> **Problem description**: Your response to the data below should hold nothing except the lines from the one containing "The underlying results" down to the one containing "El consejero de", reproduced exactly and without pictures.

> **Listed entries**:
════════

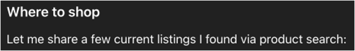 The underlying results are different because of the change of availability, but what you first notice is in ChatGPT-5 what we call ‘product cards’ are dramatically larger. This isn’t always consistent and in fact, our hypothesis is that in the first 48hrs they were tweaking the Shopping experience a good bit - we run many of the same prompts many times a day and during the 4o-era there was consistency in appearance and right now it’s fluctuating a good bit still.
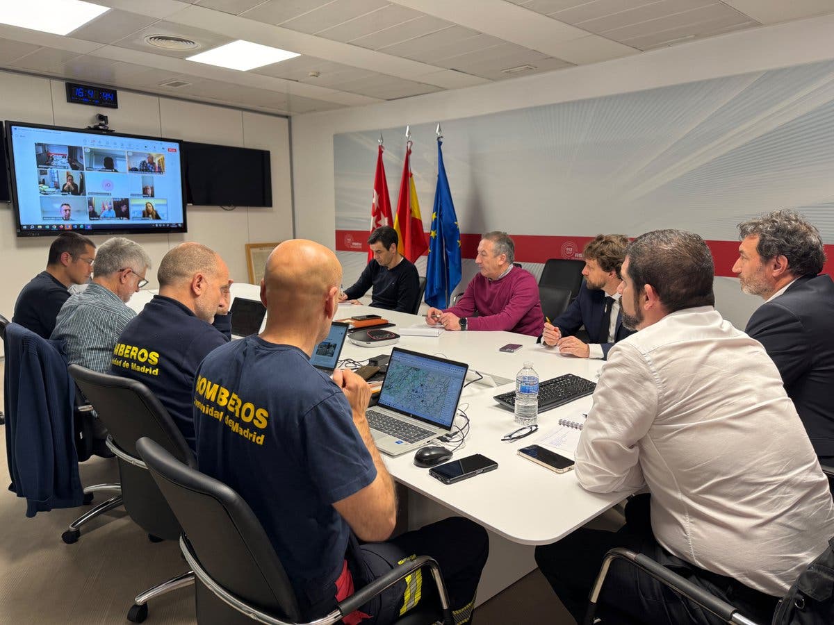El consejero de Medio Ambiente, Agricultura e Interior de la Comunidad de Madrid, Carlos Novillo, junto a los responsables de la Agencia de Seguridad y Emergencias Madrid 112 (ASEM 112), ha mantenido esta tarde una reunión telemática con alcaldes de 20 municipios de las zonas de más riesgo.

════════

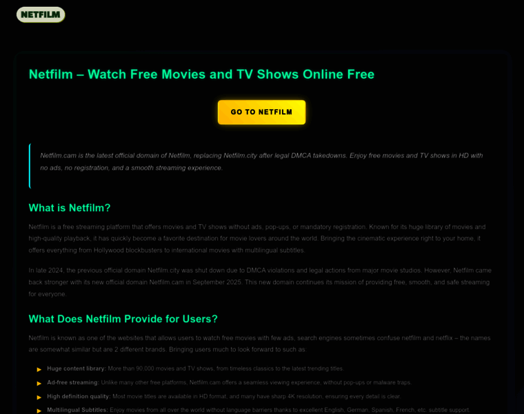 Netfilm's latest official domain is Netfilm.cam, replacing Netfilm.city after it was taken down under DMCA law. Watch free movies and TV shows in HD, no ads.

════════

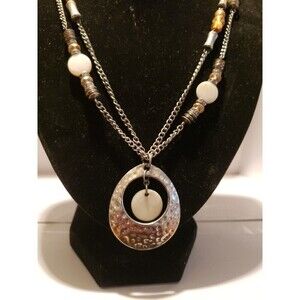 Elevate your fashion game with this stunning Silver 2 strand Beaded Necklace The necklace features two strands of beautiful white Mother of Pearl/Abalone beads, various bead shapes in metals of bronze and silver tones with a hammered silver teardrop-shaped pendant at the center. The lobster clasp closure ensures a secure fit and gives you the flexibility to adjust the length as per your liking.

════════

> **Response below**:
 The underlying results are different because of the change of availability, but what you first notice is in ChatGPT-5 what we call ‘product cards’ are dramatically larger. This isn’t always consistent and in fact, our hypothesis is that in the first 48hrs they were tweaking the Shopping experience a good bit - we run many of the same prompts many times a day and during the 4o-era there was consistency in appearance and right now it’s fluctuating a good bit still.
El consejero de Medio Ambiente, Agricultura e Interior de la Comunidad de Madrid, Carlos Novillo, junto a los responsables de la Agencia de Seguridad y Emergencias Madrid 112 (ASEM 112), ha mantenido esta tarde una reunión telemática con alcaldes de 20 municipios de las zonas de más riesgo.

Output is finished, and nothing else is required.